Hard Place

Friday/Saturday

It’s well after midnight, and I’m in my parents’ living room. My mother is asleep in her bed; my father sits on the sofa, legs propped on a chair, blanket keeping him warm. He’s waiting for the white pill he just took to take away the pain, and for the red one to keep nausea at bay. In the last few days, he’s been letting go of the routines and activities that have given shape to his life these many years. He doesn’t talk much and doesn’t always follow the conversation. He eats a toast, perhaps an egg or sandwich for lunch, a juice box and a forkful of food for dinner. He pats his dog, sitting on the back porch; he enjoys the flowers and the birds and the sun on his skin. He isn’t busy and has left nothing unfinished. His time is his own, and there isn’t much left of it.

He drifts in and out of sleep as I type. He doesn’t try to stay awake or asleep. He goes where his spirit and body take him. It’s a hard place, this in-between time. Not yet in the next life, but on its threshold; not really in the life he has known, but standing beneath its arch.

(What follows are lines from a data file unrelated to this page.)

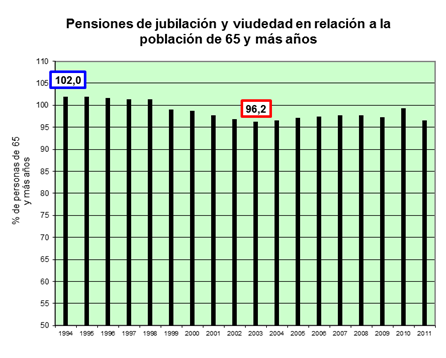 Incluye pensiones contributivas de jubilación y viudedad, pensiones no contributivas de jubilación y pensiones asistenciales de vejez. A partir del mes de diciembre de 1997 las pensiones contributivas de incapacidad permanente de personas mayores de 64 años (unas 900.000) pasan al epígrafe de pensiones contributivas de jubilación, por lo que hemos procedido a un ajuste de los años 1994-97 sobre la base del año 1998.  Algunos años de la Serie de base suman más de 100 porque, en el caso de las pensiones contributivas, una parte de los pensionistas tiene menos de 65 años y, además, una misma persona puede acumular las pensiones de jubilación y viudedad.
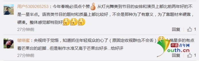 網(wǎng)友“小小萌兒V”留言:其實也還不錯 有幾個小品挺不錯的 閆學(xué)晶 沈騰 這兩個是最喜歡的 今年的歌舞感覺特別好?傊 各位春晚的工作人員辛苦了,新年快樂 ;而網(wǎng)友“誒嘿嘿DING”留言:今年春晚贊贊贊,舞美特效很棒,美女帥哥多(尤其帥哥養(yǎng)眼哈哈),小品相聲多(雖然有些比較尷尬,但總的來說質(zhì)量還可以),而且有很多點能看出來特別用心,香港回歸20周年,航天英雄,中國傳統(tǒng)文化國粹戲曲,還有中國數(shù)不盡的大好山川江河。
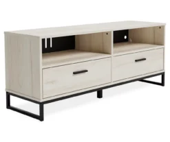 Enjoy your favorite shows and movies in farmhouse fashion using this two-tone Broyhill TV stand. A beautiful brown finish adorns the top surface as the contrasting white base features sliding barn styled doors that move for concealed storage and access to your items. Complete with a large center unit for all your audio, video and media equipment, this TV stand is the perfect addition to a living or entertaining space.
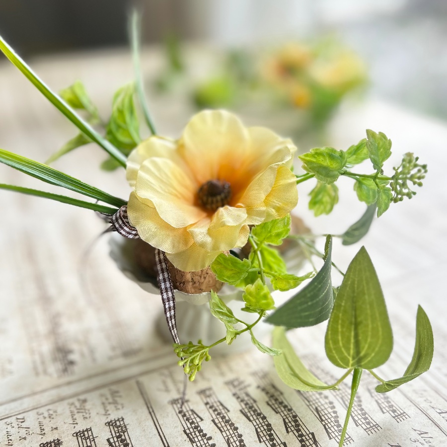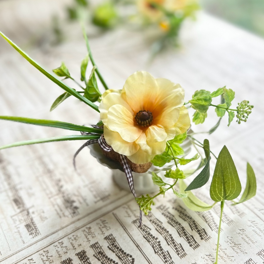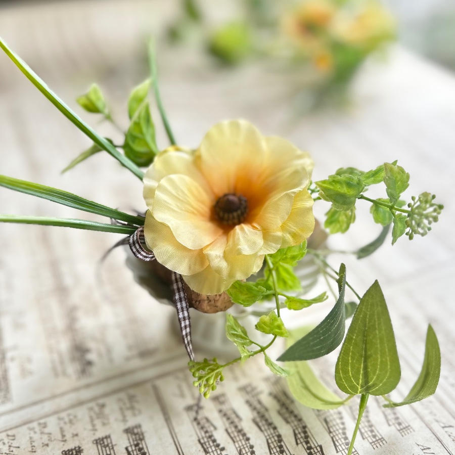 黄色いラックスは1輪でも存在感があり空間を明るく演出してくれます。小さいサイズで場所を選ばず飾れます。
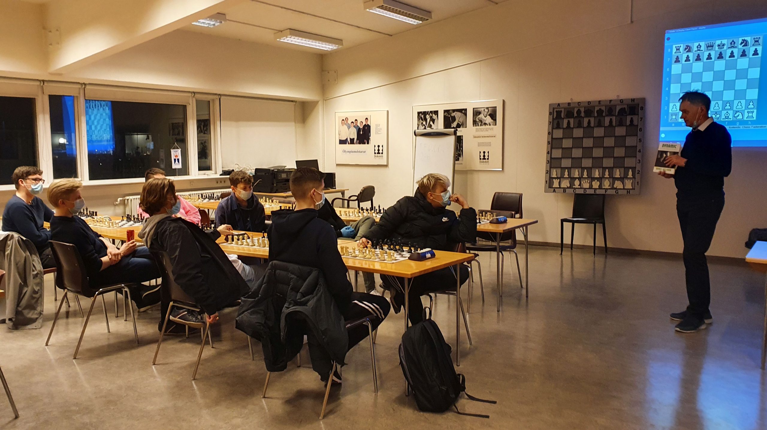 Í desember sl. færðist starfsemin svo aftur að hluta inn í húsnæði Skákskólans í Faxafeni og verður vonandi svo áfram. Á miðvikudaginn komu átta piltar úr hópnum saman: Gauti Páll, Hilmir Freyr, Vignir Vatnar, Stephan Briem, Mikhael Jóhann Karlsson, Pétur Pálmi, Alexander Oliver og Dagur Ragnarsson.
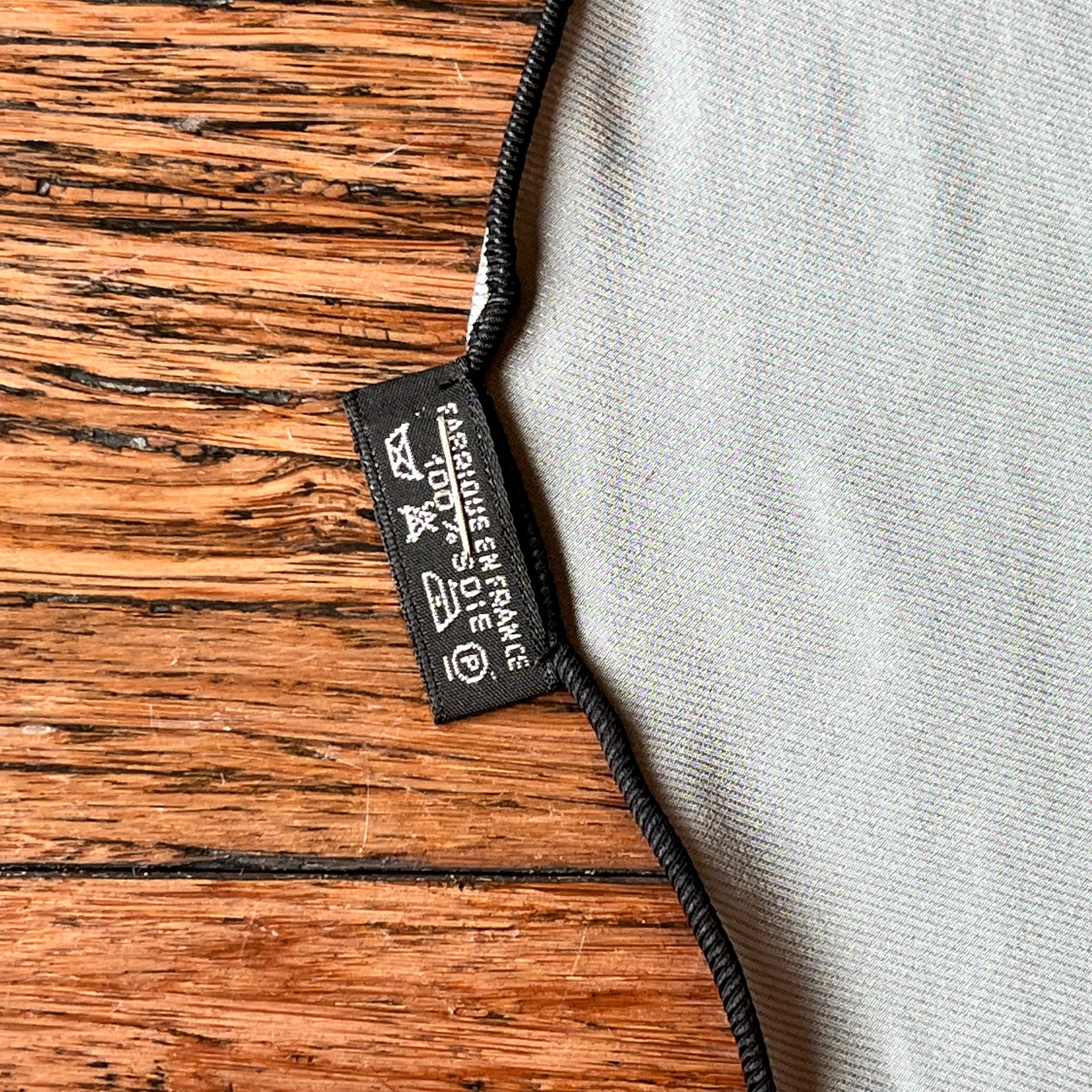 A masterclass in monochrome elegance, this scarf drapes in luminous gray silk with razor-sharp black hand-rolled edges—Hermès' signature precision meeting downtown minimalism. The elongated losange (diamond) shape offers fresh styling possibilities, from asymmetric neck knots to bag adornments, while the subtle sheen whispers quiet luxury. B+ Very Good Condition
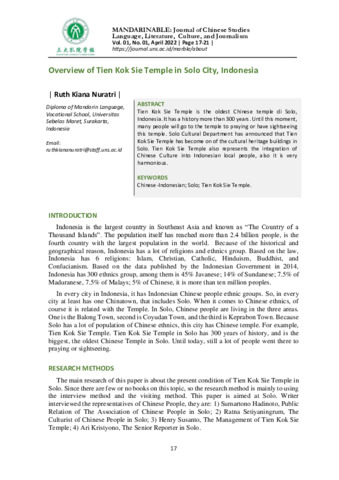Ruth, Kiana Nuratri (2022) Overview of Tien Kok Sie Temple in Solo City, Indonesia. Mandarinable: Journal of Chinese Studies, 1 (1): 3. pp. 17-21. ISSN 2962-424X
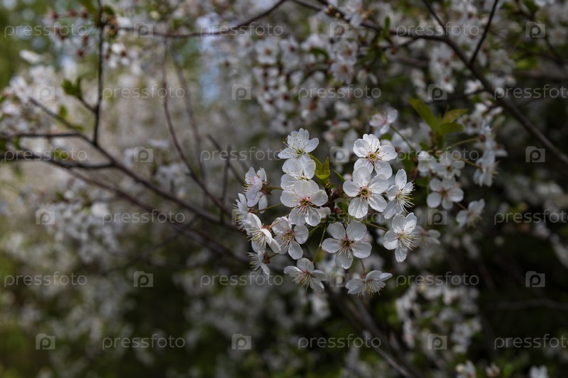 Цветение вишни весной, вишневый сад, белые цветы
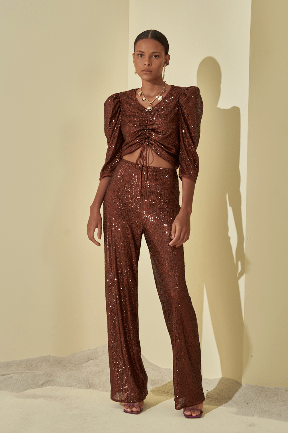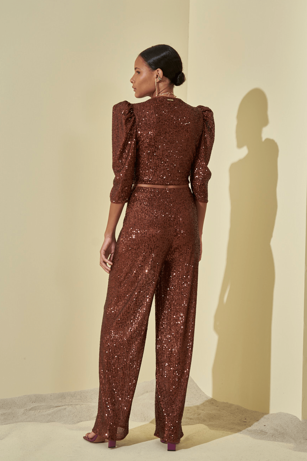 A peça possui cintura alta, fecho por meio de zíper semi-invisível na lateral esquerda, modelagem reta e shape slim.
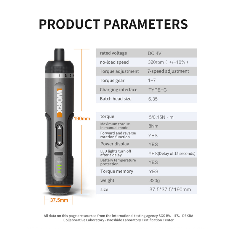 WORX WX242 4V Electrical Screwdriver Set Smart Cordless Electric Screwdrivers USB Rechargeable 30 Bit Set Mini Drill Power Tool
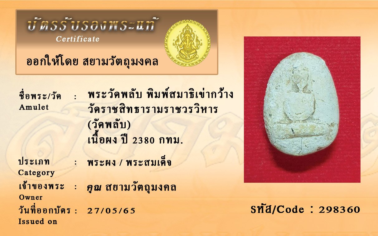 รหัสสินค้า : 298360 พระวัดพลับ พิมพ์สมาธิเข่ากว้าง วัดราชสิทธารามราชวรวิหาร (วัดพลับ) เนื้อผง ปี 2380 กทม.
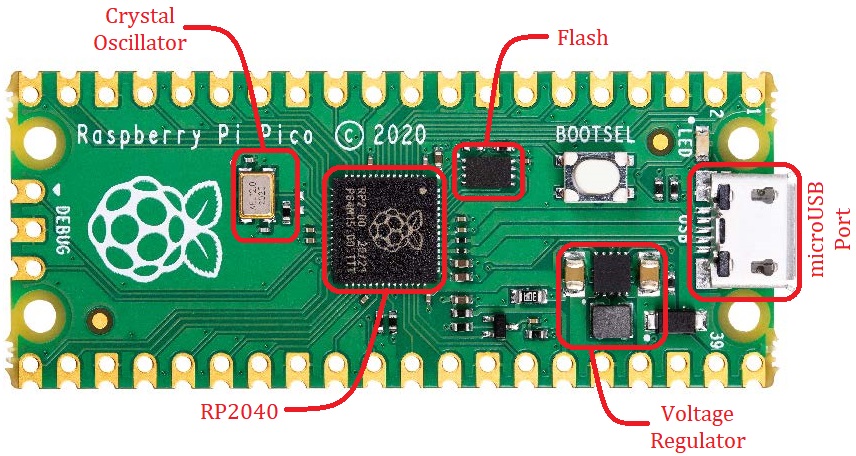 The Raspberry Pi Pico comes with the RP2040 μC, a 2MB external flash memory, a microUSB port and some power regulation components as shown below. We’ll discuss the BOOTSEL
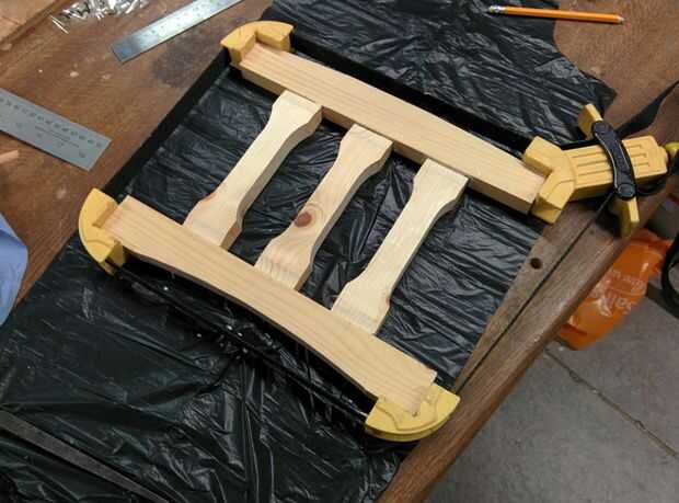 Pegar la espalda requiere un poco de ingenio como no tengo una sola barra abrazadera lo suficiente - le recomiendo que figura a este tipo de cosas que antes de empezar ya que es bastante estresante tratando de improvisar arreglos de sujeción mientras se está secando el pegamento!
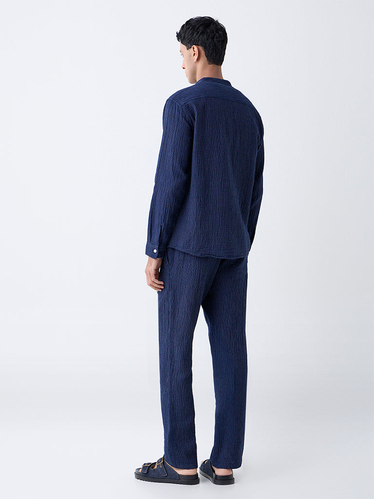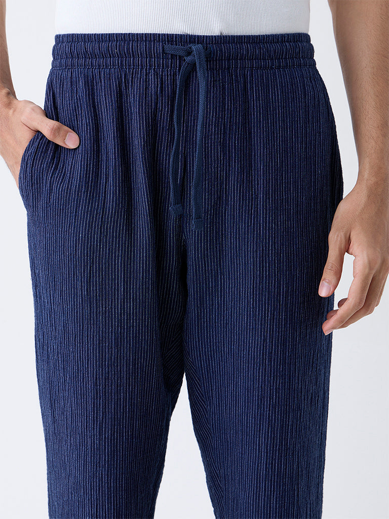 ETA launches these navy pinstriped cotton pants, designed to redefine everyday comfort with a refined touch. Crafted from soft cotton in a relaxed mid-rise fit, they feature a smooth elastic waistband with adjustable drawstrings and multiple pockets, making them a versatile essential for modern dressing.
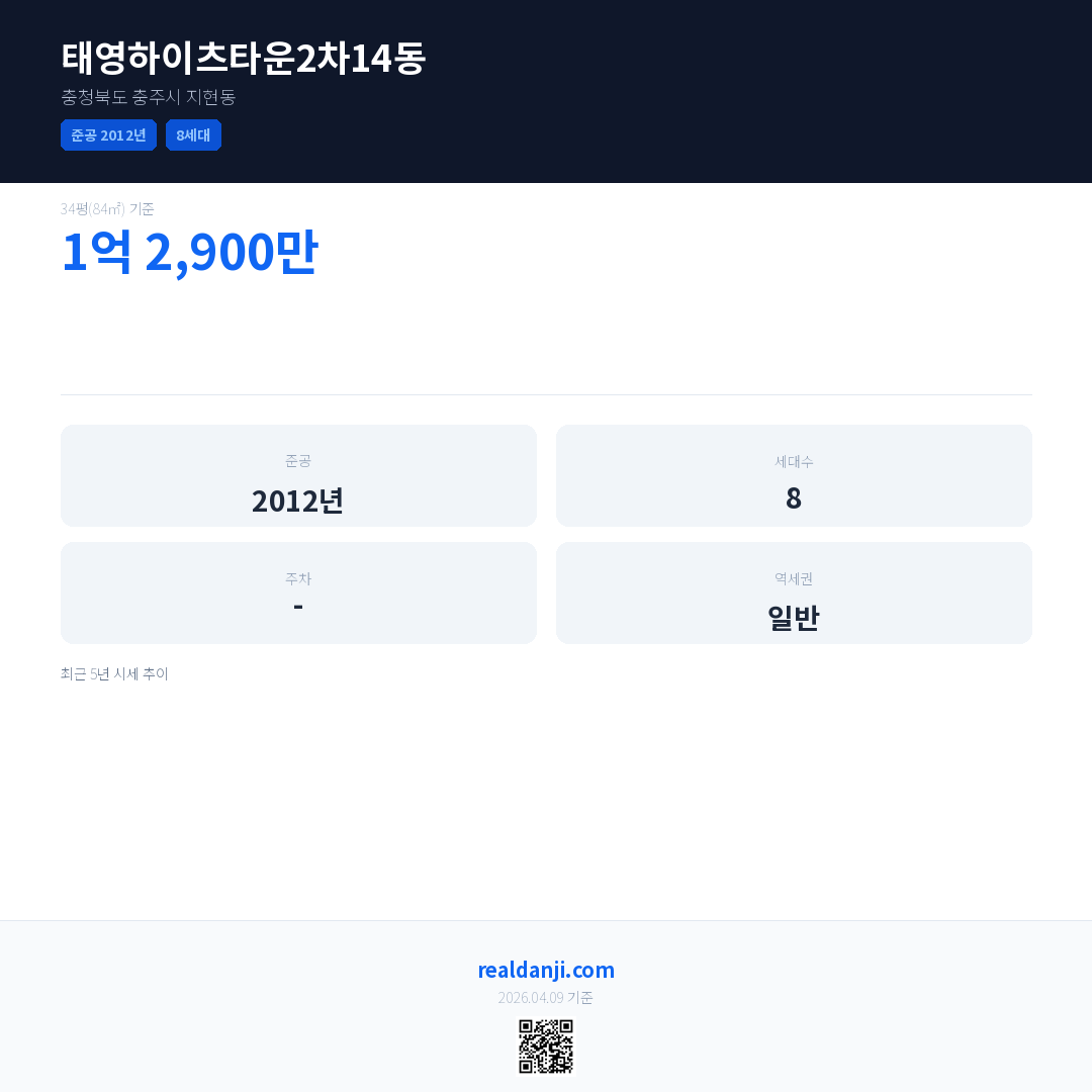태영하이츠타운2차14동 최근 거래가는 1억 2,900만입니다. (2020-09)

It’s a hard place for everyone who loves him – me, my siblings, his sister, and my mother/his wife. He has loved us all so well and for so long, and we have loved him. Our love isn’t tied to this hard place. It comes and goes with us, embracing us and connecting us. Nothing in life has lessened it, and nothing in death will either. How could it? Love is nothing more or less than God’s greatest gift and our greatest blessing. I am so thankful for this – this abiding love that surrounded our past, dwells in this hard present, and will shine into our infinite future.

(Early this morning, my father passed from life into death, at home in the company of his family. With the help of hospice nurses and aides, he passed without pain.)